* **YOUR OBJECTIVE**:
Print the entire listing below word for word, excluding its pictures.

* **DATA PROVIDED**:

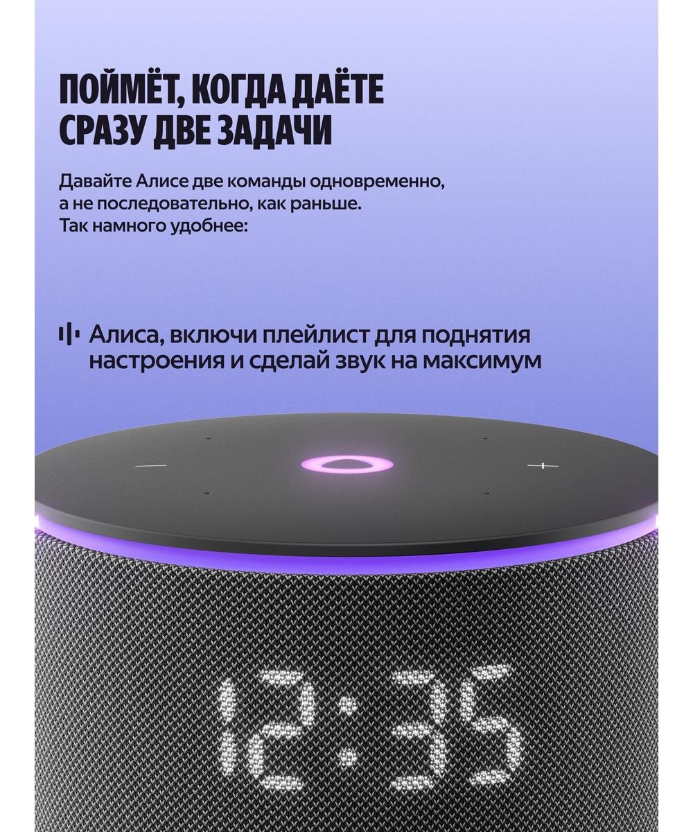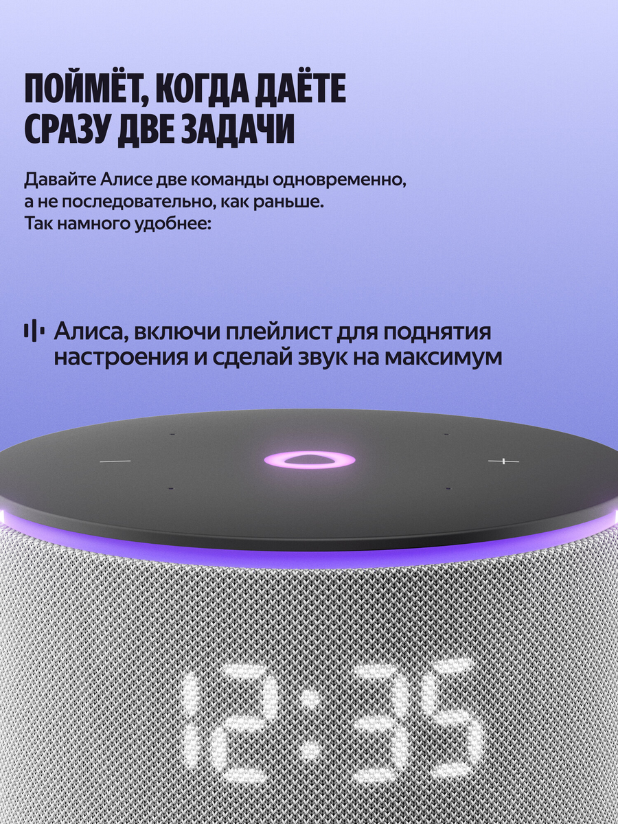 Алиса с искусственным интеллектом в Станции Мини 3 Про умеет так много: она найдёт и включит, что попросите — музыку, аудиокниги, подкасты — и подберёт рекомендации по вашим интересам. Задавайте самые разные вопросы и получайте понятные и подробные ответы. Можете даже давать ей сразу несколько команд — Алиса поймёт их и выполнит, например: «Алиса, включи плейлист для поднятия настроения и сделай звук на максимум».
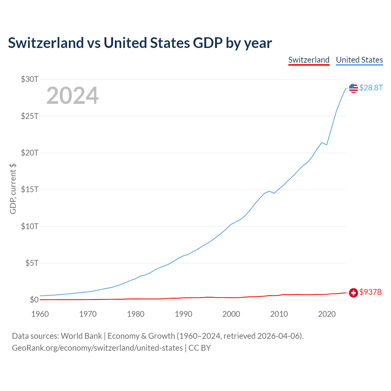 Switzerland has a GDP of $937B compared to $28.8T for the United States, ranking 20/197 and 1/197 by economy size, respectively.
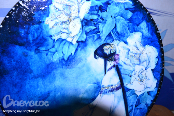 4. Нанесла клей на тарелочку, приклеила мотив, избавившись от пузырьков иголкой.
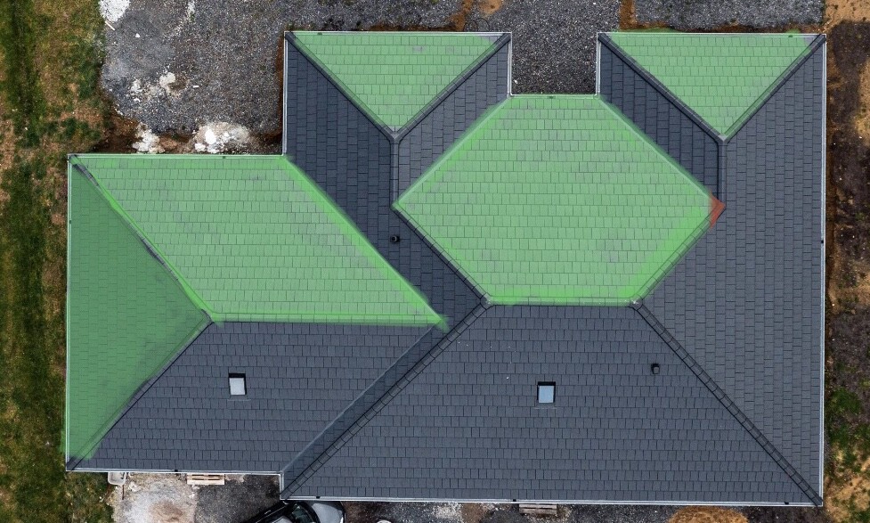Luftaufnahme eines Hauses mit gruenem und dunkelgrauem Ziegendach von oben

* **REPLY**:
 Алиса с искусственным интеллектом в Станции Мини 3 Про умеет так много: она найдёт и включит, что попросите — музыку, аудиокниги, подкасты — и подберёт рекомендации по вашим интересам. Задавайте самые разные вопросы и получайте понятные и подробные ответы. Можете даже давать ей сразу несколько команд — Алиса поймёт их и выполнит, например: «Алиса, включи плейлист для поднятия настроения и сделай звук на максимум».
 Switzerland has a GDP of $937B compared to $28.8T for the United States, ranking 20/197 and 1/197 by economy size, respectively.
 4. Нанесла клей на тарелочку, приклеила мотив, избавившись от пузырьков иголкой.
Luftaufnahme eines Hauses mit gruenem und dunkelgrauem Ziegendach von oben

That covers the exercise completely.